Supplied records:
════════
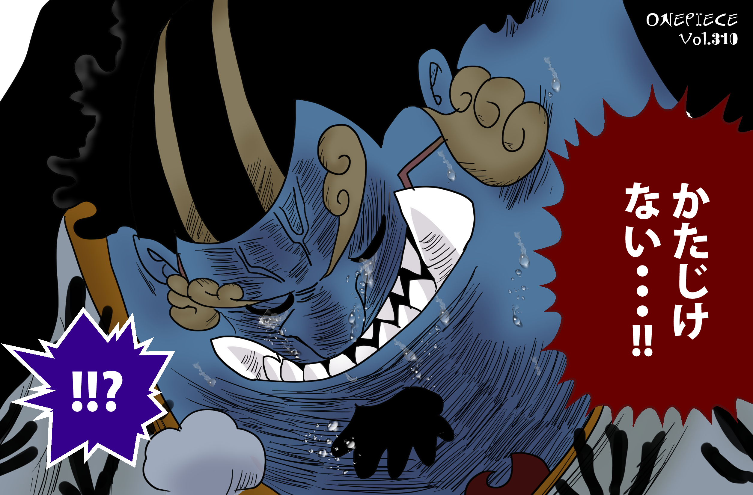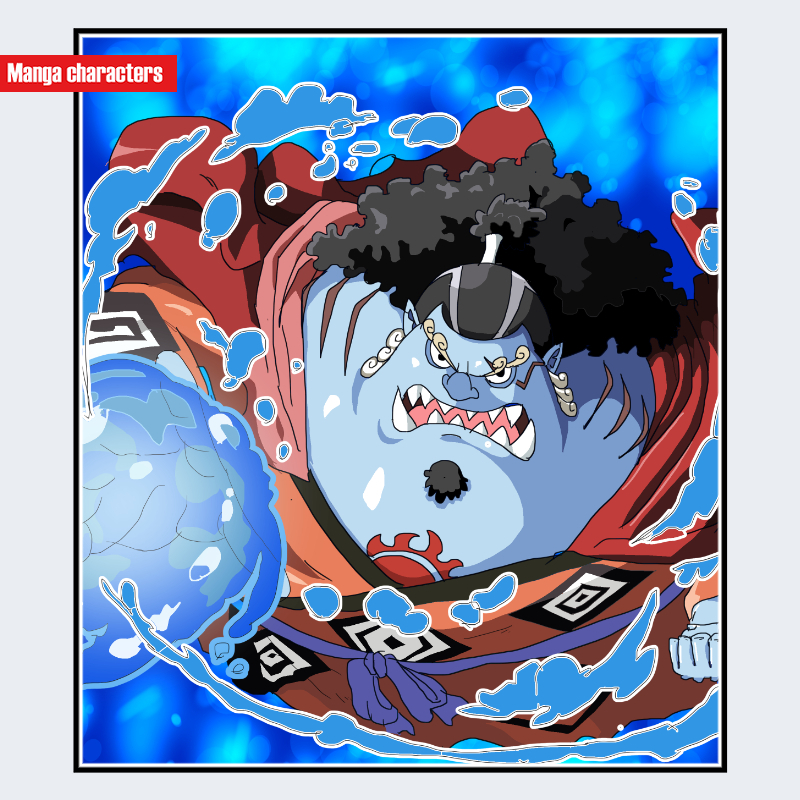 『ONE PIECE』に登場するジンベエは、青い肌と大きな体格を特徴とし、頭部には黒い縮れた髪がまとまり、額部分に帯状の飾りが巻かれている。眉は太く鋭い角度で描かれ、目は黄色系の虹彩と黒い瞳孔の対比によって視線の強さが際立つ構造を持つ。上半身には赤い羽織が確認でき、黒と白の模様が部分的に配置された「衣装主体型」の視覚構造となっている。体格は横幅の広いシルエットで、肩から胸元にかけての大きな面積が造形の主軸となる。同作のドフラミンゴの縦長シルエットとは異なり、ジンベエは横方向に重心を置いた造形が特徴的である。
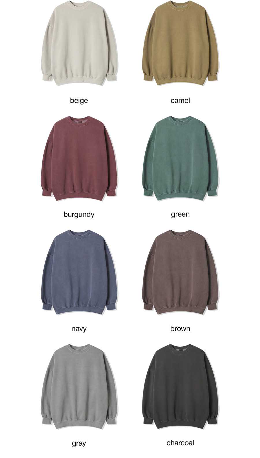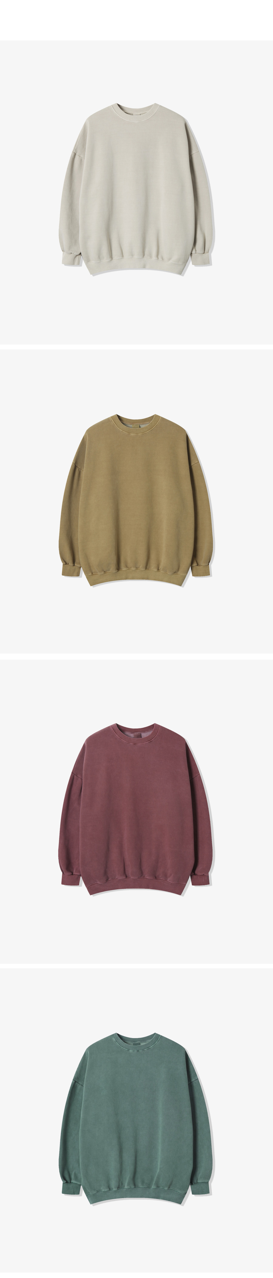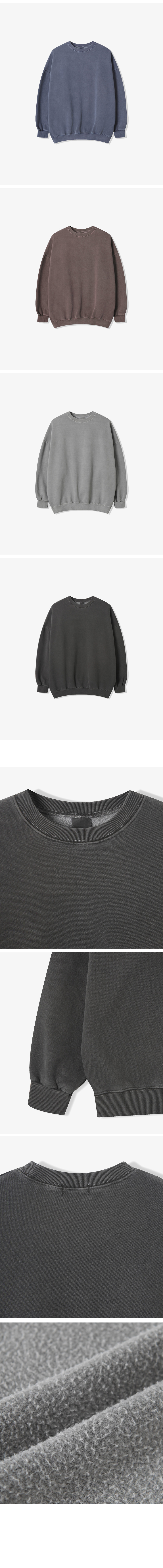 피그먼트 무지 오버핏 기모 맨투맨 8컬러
════════
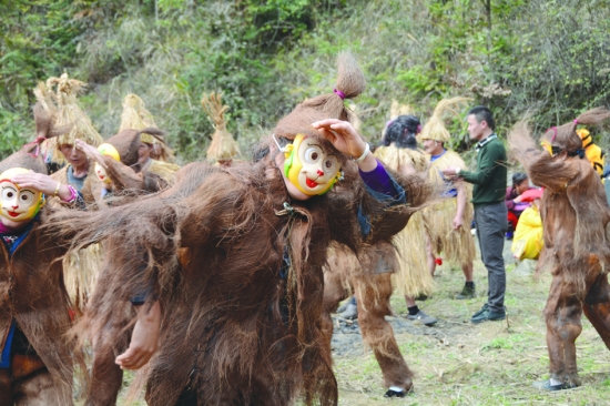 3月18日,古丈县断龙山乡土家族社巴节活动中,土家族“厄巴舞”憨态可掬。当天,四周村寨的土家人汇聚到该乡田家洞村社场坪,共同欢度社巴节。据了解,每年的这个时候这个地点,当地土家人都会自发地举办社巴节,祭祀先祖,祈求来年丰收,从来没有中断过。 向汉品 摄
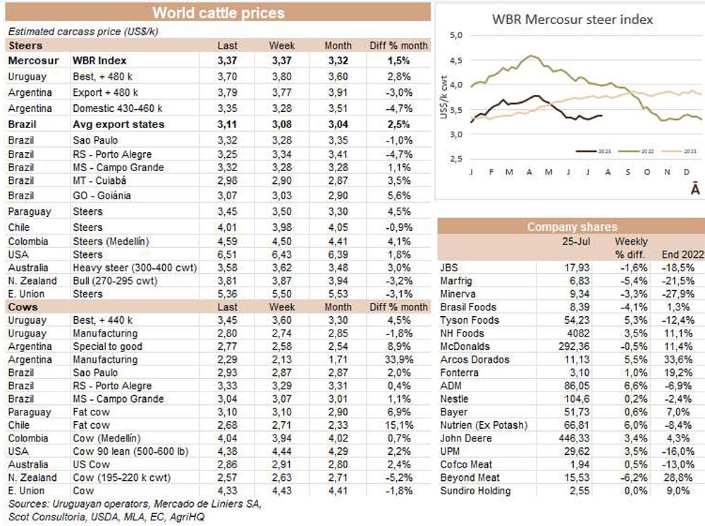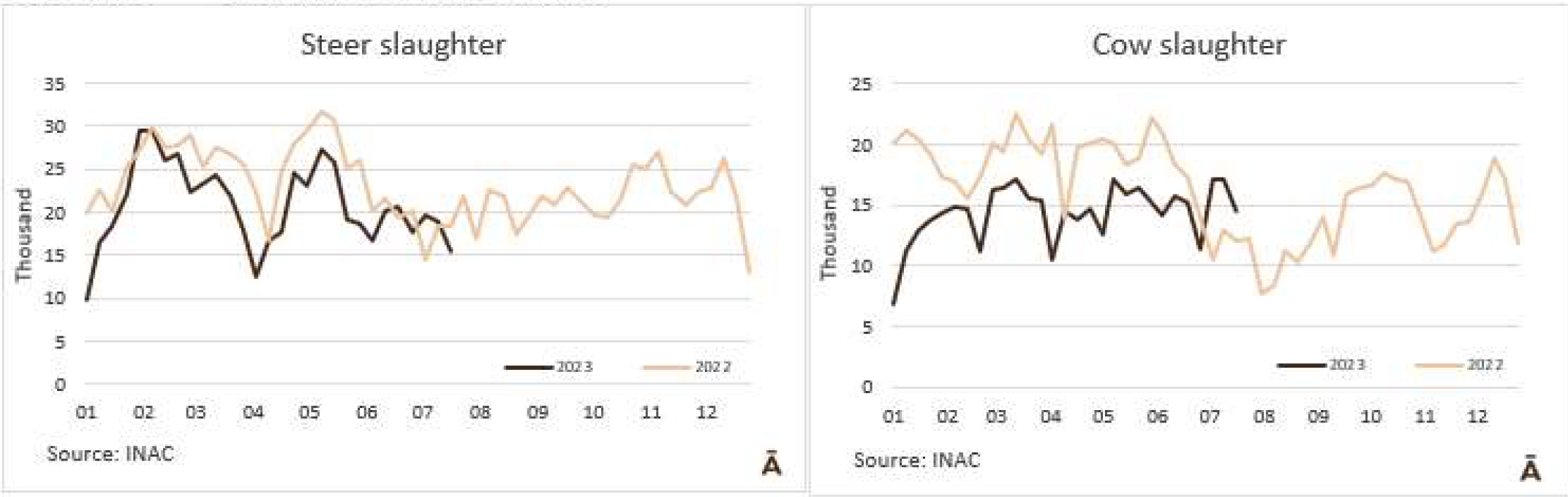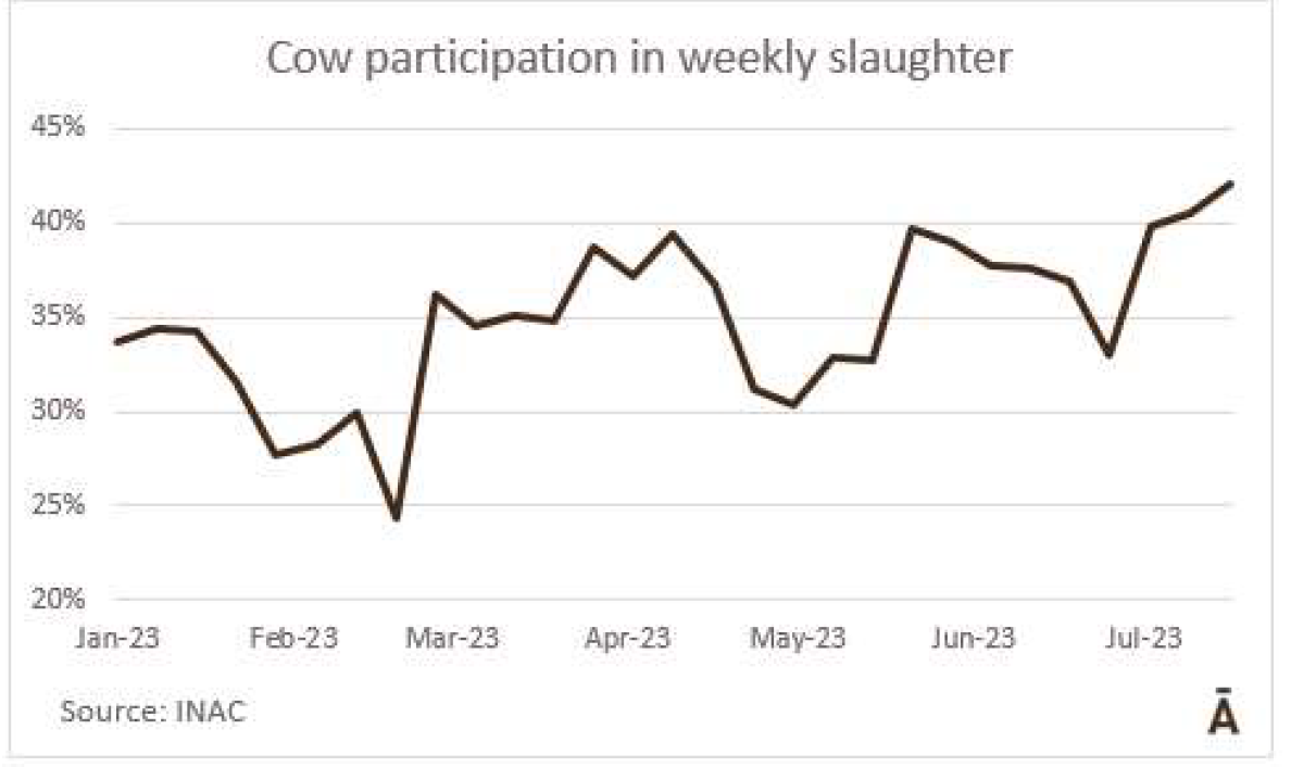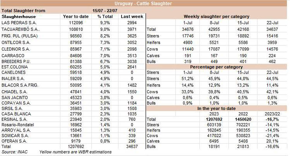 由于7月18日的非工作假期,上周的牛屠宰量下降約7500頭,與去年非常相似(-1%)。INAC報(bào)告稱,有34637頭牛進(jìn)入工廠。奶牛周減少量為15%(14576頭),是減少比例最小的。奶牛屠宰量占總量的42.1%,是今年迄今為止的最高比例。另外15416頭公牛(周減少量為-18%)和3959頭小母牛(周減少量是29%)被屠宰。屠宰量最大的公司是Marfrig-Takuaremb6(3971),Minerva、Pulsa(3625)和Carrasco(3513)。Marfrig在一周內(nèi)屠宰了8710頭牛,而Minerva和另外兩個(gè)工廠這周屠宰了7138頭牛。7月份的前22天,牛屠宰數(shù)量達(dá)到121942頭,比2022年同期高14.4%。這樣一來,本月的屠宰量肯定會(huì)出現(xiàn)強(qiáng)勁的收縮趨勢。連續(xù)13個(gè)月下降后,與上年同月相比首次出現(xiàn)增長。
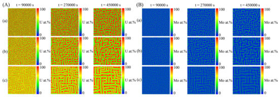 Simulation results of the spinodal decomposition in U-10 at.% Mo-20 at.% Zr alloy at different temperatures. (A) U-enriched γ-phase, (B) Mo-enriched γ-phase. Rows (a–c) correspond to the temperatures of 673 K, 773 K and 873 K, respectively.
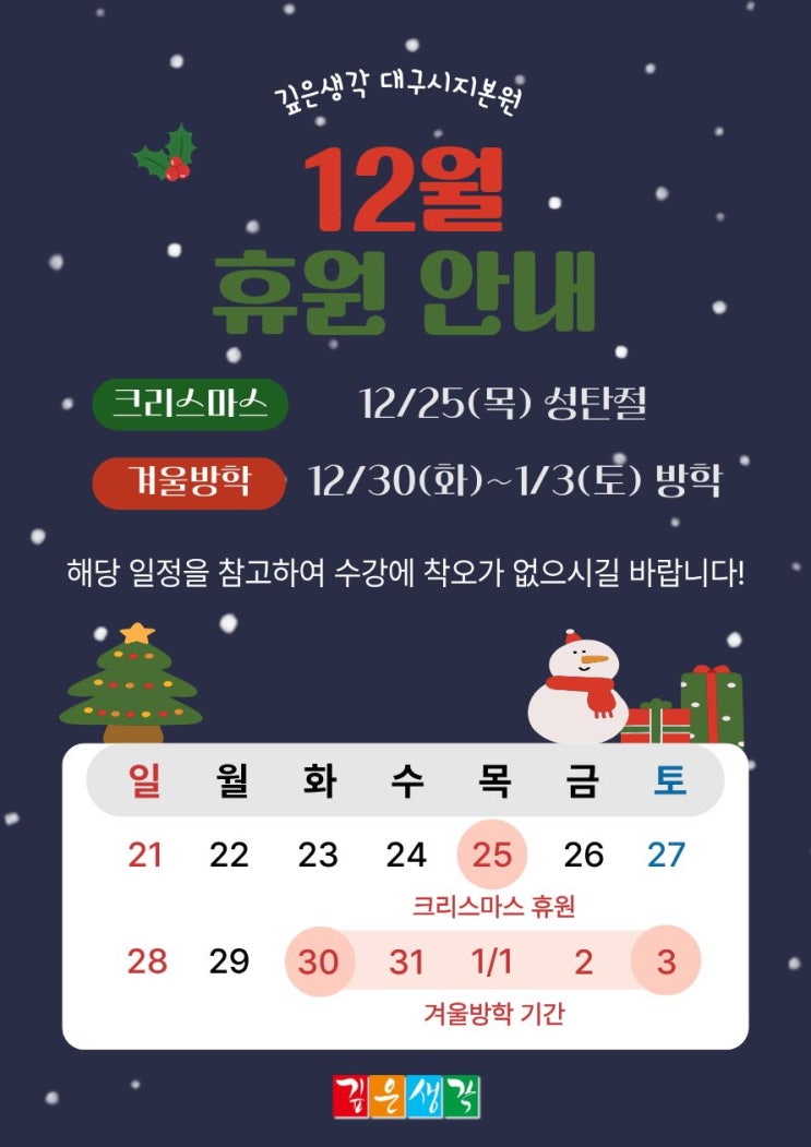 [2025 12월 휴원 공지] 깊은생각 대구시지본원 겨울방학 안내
════════
What you need to do: Start at the line containing "由于7月18日的非工作假期,上周的牛屠宰" above and stop at the line containing "[2025 12월 휴원 공지] 깊은생각 대구시지본원 겨울방학 안내". Output those lines exactly, both included, but none of the pictures.

Your response:
 由于7月18日的非工作假期,上周的牛屠宰量下降約7500頭,與去年非常相似(-1%)。INAC報(bào)告稱,有34637頭牛進(jìn)入工廠。奶牛周減少量為15%(14576頭),是減少比例最小的。奶牛屠宰量占總量的42.1%,是今年迄今為止的最高比例。另外15416頭公牛(周減少量為-18%)和3959頭小母牛(周減少量是29%)被屠宰。屠宰量最大的公司是Marfrig-Takuaremb6(3971),Minerva、Pulsa(3625)和Carrasco(3513)。Marfrig在一周內(nèi)屠宰了8710頭牛,而Minerva和另外兩個(gè)工廠這周屠宰了7138頭牛。7月份的前22天,牛屠宰數(shù)量達(dá)到121942頭,比2022年同期高14.4%。這樣一來,本月的屠宰量肯定會(huì)出現(xiàn)強(qiáng)勁的收縮趨勢。連續(xù)13個(gè)月下降后,與上年同月相比首次出現(xiàn)增長。
 Simulation results of the spinodal decomposition in U-10 at.% Mo-20 at.% Zr alloy at different temperatures. (A) U-enriched γ-phase, (B) Mo-enriched γ-phase. Rows (a–c) correspond to the temperatures of 673 K, 773 K and 873 K, respectively.
 [2025 12월 휴원 공지] 깊은생각 대구시지본원 겨울방학 안내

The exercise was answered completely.